Probing Site-Specific Calmodulin Calcium and Lanthanide Affinity by Grafting

Abstract

Ca²⁺ binding is essential for the biological functions of calmodulin (CaM) as a trigger/sensor protein to regulate many biological processes in the Ca²⁺-signaling cascade. A challenge in understanding the mechanism of Ca²⁺ signaling is to obtain site-specific information about the Ca²⁺ binding properties of individual Ca²⁺-binding sites of EF-hand proteins, especially for CaM. In this paper, we report the first estimation of the intrinsic Ca²⁺ affinities of the four EF-hand loops of calmoduin (I−IV) by individually grafting into the domain 1 of CD2. Taking advantage of the Trp residues in the host protein, we first determined metal-binding affinities for Tb³⁺, Ca²⁺, and La³⁺ for all four grafted EF-loops using Tb³⁺ aromatic resonance energy transfer.
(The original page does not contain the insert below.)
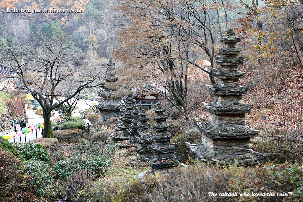 [이 석탑들은 한국의 통일을 염원하며 백두산과 히말라야 등 불교 성지에서 가져온 돌로 쌓은 탑입니다.]

EF-loop I exhibits the strongest binding affinity for Ca²⁺, La³⁺, and Tb³⁺, while EF-loop IV has the weakest metal-binding affinity. EF-loops I−IV of CaM have dissociation constants for Ca²⁺ of 34, 245, 185, and 814 μM, respectively, with the order I > III ≈ II > IV. These findings support a charge-ligand-balanced model in which both the number of negatively charged ligand residues and the balanced electrostatic dentate−dentate repulsion by the adjacent charged residues are two major determinants for the relative Ca²⁺-binding affinities of EF-loops in CaM. Our grafting method provides a new strategy to obtain site-specific Ca²⁺ binding properties and a better estimation of the cooperativity and conformational change contributions of coupled EF-hand proteins.